Faisal Basri menduga duit hasil keuntungan hilirisasi tambang itu disimpan di Singapura, mengingat bunga dolar lebih tinggi di negara itu. Apalagi, Indonesia menganut rezim devisa bebas, yang membuat orang-orang asing bebas membawa keluar uangnya.
"Kalau ekspornya Rp510 triliun (nilai ekspor produk nikel tahun 2022) itu harusnya ngefek harusnya ke nilai tukar rupiah. Lihat nilai tukar rupiah, merosot terus. karena uangnya dibawa keluar. Keuntungannya mereka bawa ke negaranya. Apalagi bunga dolar lebih tinggi di Singapura," ungkap dia dalam tayangan Publikasi Kajian 'Peran Perusahaan Multinasional dalam Hilirisasi Nikel di Indonesia', pada Selasa 26 September 2023.
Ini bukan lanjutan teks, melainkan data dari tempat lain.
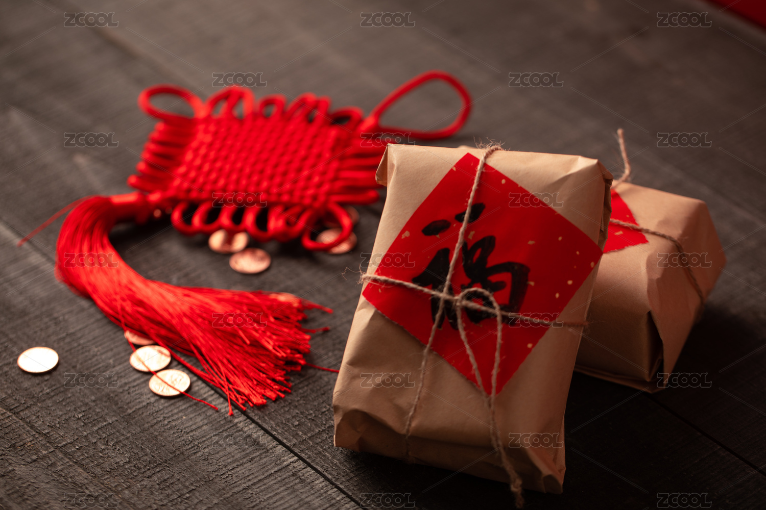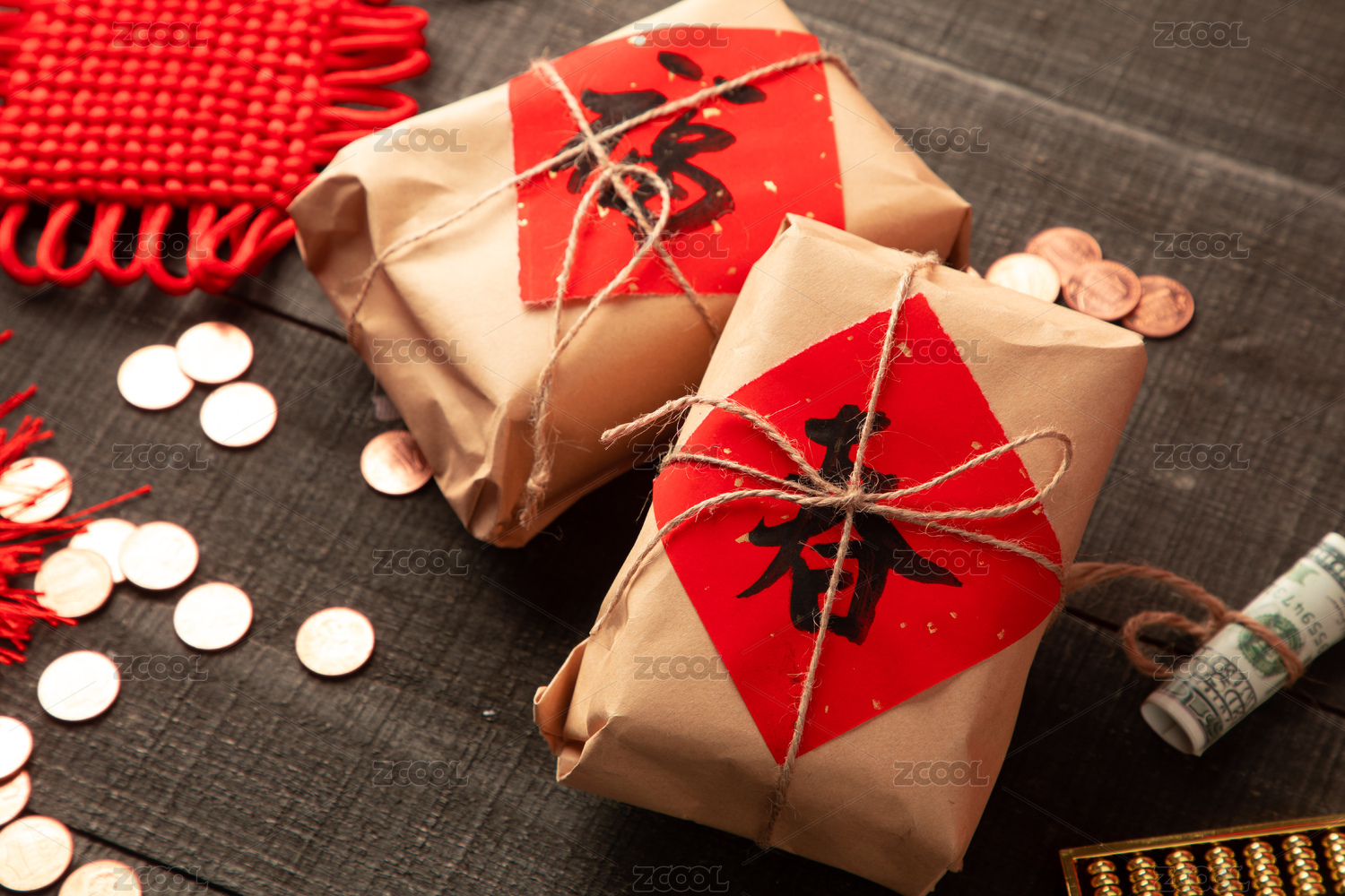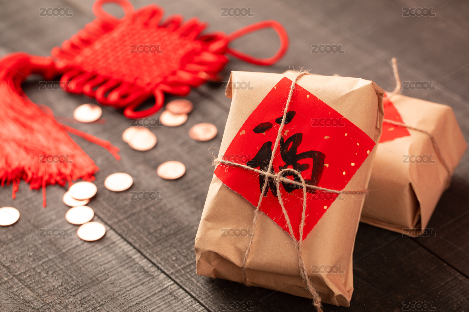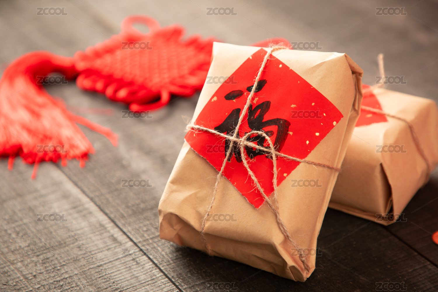 红色喜庆礼品摆放在木质桌面
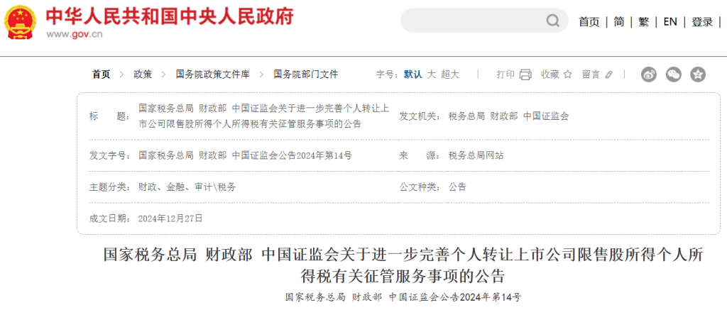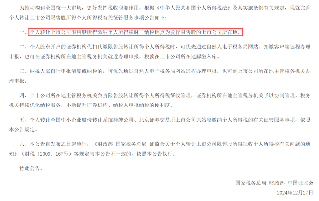 直到,2024年12月27日收盘之后,国家税务总局,财政部,中国证监会三部门联合发布了一则公告《关于进一步完善个人转让上市公司限售股所得个人所得税有关征管服务事项的公告》。

"Kita menganut devisa bebas. Beda dengan China. Di China, orang Indonesia investasi di China, untungnya nda boleh dibawa otomatis ke Indonesia. Kita bebas," ungkapnya.
Menurut dia, pemerintah terlalu murah dan memberi karpet merah ke pengusaha asing di industri nikel.
"Dikasih harga murah, pajak ekspornya nol. Yang kita dapat (untung) tinggal buruh sama pendapatan sewa tanah, PBB. Faktanya, buruh China gajinya Rp17 juta hingga Rp24 juta.
Itu pun, menurut dia, rata-rata pekerja China menggunakan visa turis, bukan visa pekerja. "Jadi ibaratnya, Morowali itu seperti menjadi provinsi kesekiannya China. Seperti negeri Wakanda, di mana hukum ketenagakerjaan Indonesia tidak berlaku di sana," ungkapnya lagi.
"Jadi menurut saya, ini adalah bentuk ketololan luar biasa dari negara, bukan kecerdasan. Karena kalau negara cerdas, harusnya dapatnya lebih bagus," ungkapnya lagi.